First, I need to think about conditions that cause hypertension, weak pulses in the lower extremities, and rib notching. Coarctation of the aorta comes to mind. Coarctation is a congenital narrowing of the aorta, usually just distal to the left subclavian artery. This leads to hypertension in the upper body and lower blood pressure in the lower extremities. The weak femoral pulses would be due to the obstruction.
Rib notching is a classic sign of coarctation. It's caused by collateral circulation forming between the intercostal arteries and the subcutaneous veins, leading to erosion of the rib's lower border. The notching is typically seen on the lower borders of the ribs in the mid to lower thoracic region.
The cold extremities (needing warm socks) could be due to reduced blood flow to the lower limbs. Other possibilities like peripheral vascular disease or other congenital heart defects might be considered, but the combination of hypertension, weak femoral pulses, and rib notching is very specific for coarctation.
The other options might include conditions like aortic stenosis, which would cause different symptoms, or other aortic anomalies. But without knowing the exact distractors, I can focus on coarctation as the correct answer here. The key points are the physical exam findings and the imaging result.
**Core Concept**
This case highlights **coarctation of the aorta**, a congenital narrowing of the aorta causing hypertension proximal to the obstruction and reduced perfusion distal to it. Rib notching on imaging is a hallmark due to **collateral circulation** via intercostal arteries eroding the inferior rib borders.
**Why the Correct Answer is Right**
Coarctation leads to **upper-body hypertension** and **diminished femoral pulses** due to obstruction distal to the left subclavian artery. Collateral vessels (e.g., intercostal arteries) bypass the blockage, causing **rib notching** on chest X-ray. Cold extremities (warm socks use) reflect peripheral ischemia from reduced blood flow.
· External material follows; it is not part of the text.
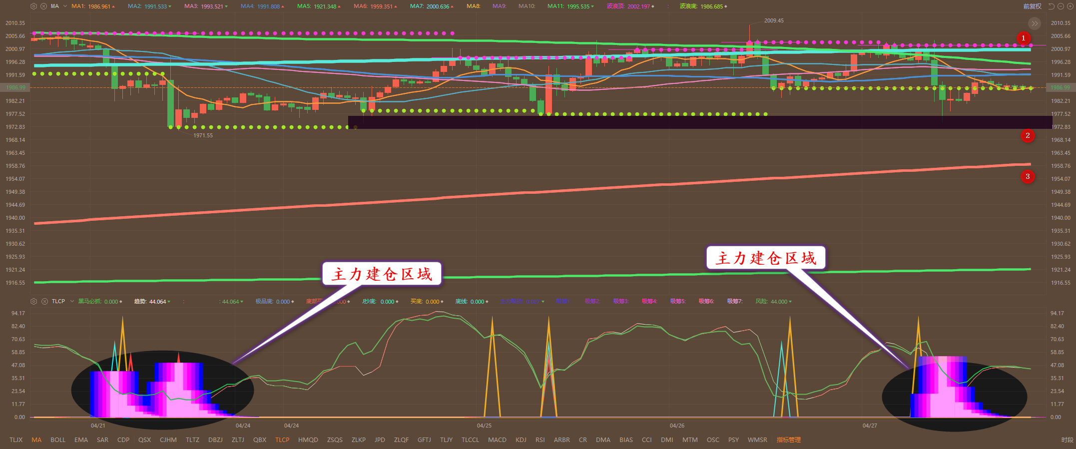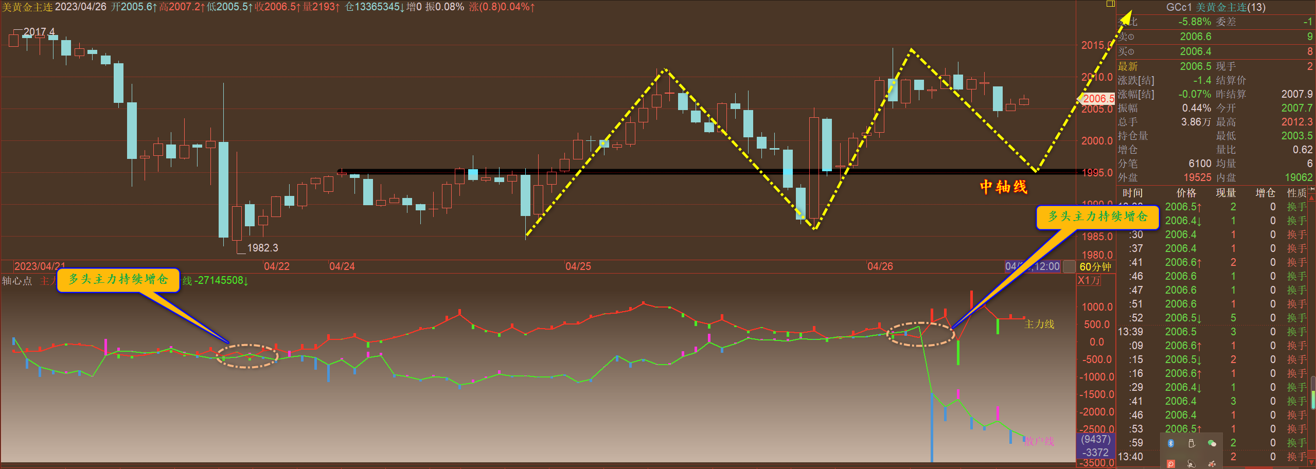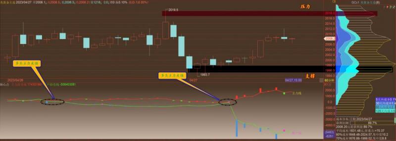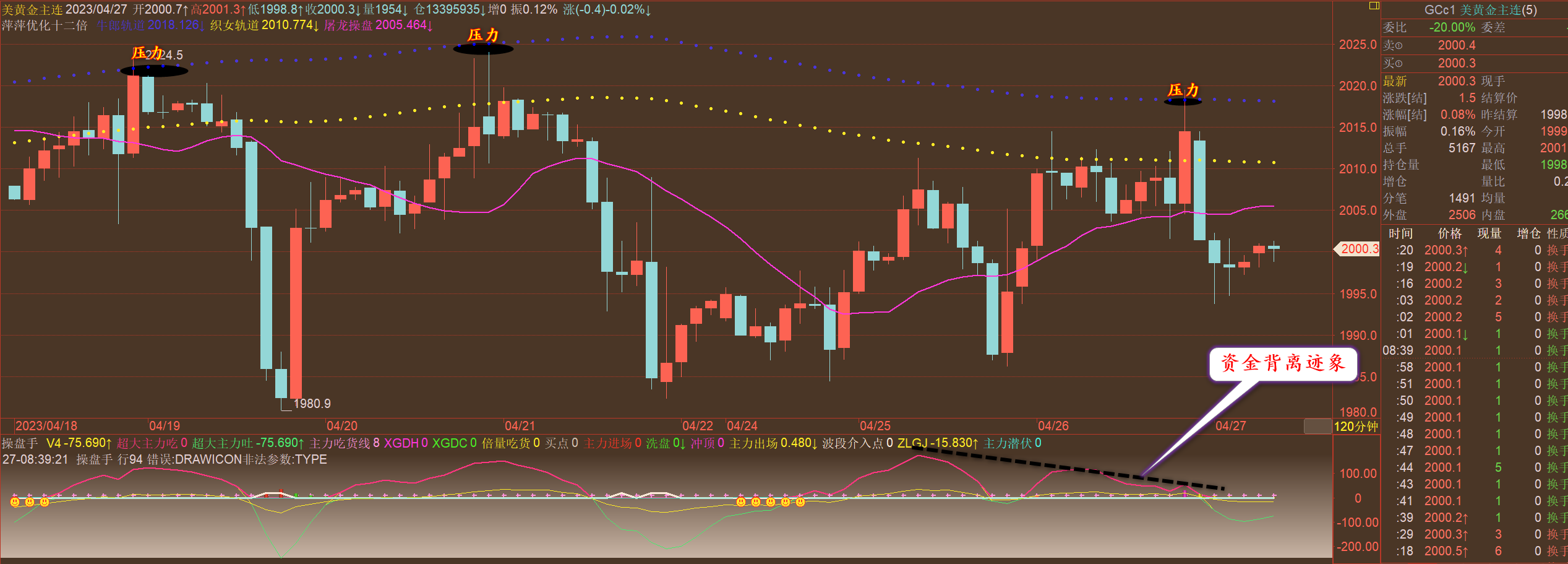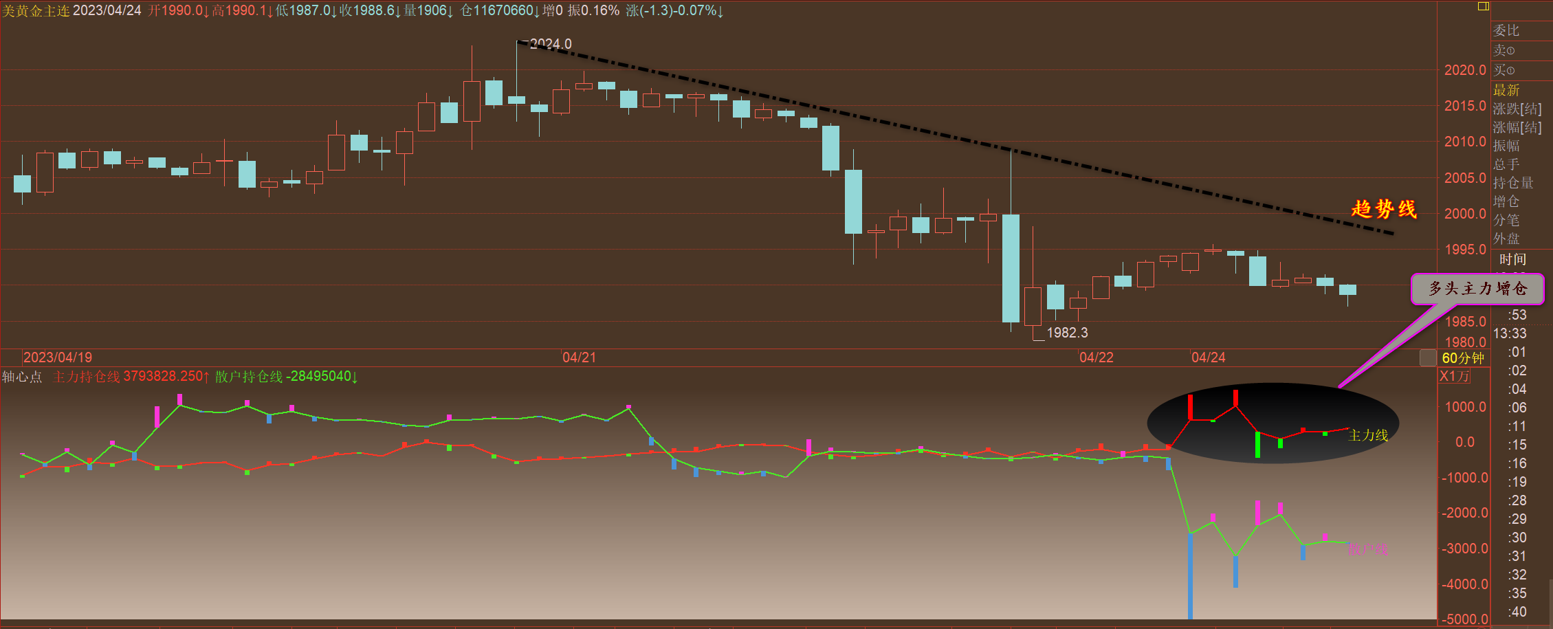 通过对黄金小时图解析得知,昨日行情如期到达下方1984一线止跌反弹和上方2005一线冲高回落,从下方的附图我们可以清楚的看到昨日昨日在下方出现了多头主力增仓介入形成一波小幅反弹上涨,到达上方压力位冲高回落,今日早盘再次出现多头主力增仓动作再次形成一波小幅反弹上方的压力依然是昨日的高点附近,一旦放量突破将

The classic "30-40" age range for presentation (30% adults, 40% adolescents) aligns with this case.
**Why Each Wrong Option is Incorrect**
**Option A:** Aortic stenosis causes left ventricular hypertrophy and systolic murmurs but not rib notching or femoral pulse discrepancies.
**Option B:** Renal artery stenosis may cause hypertension but lacks rib notching and femoral pulse weakness.
**Option C:** Tetralogy of Fallot presents with cyanosis and right ventricular outflow obstruction, not vascular signs.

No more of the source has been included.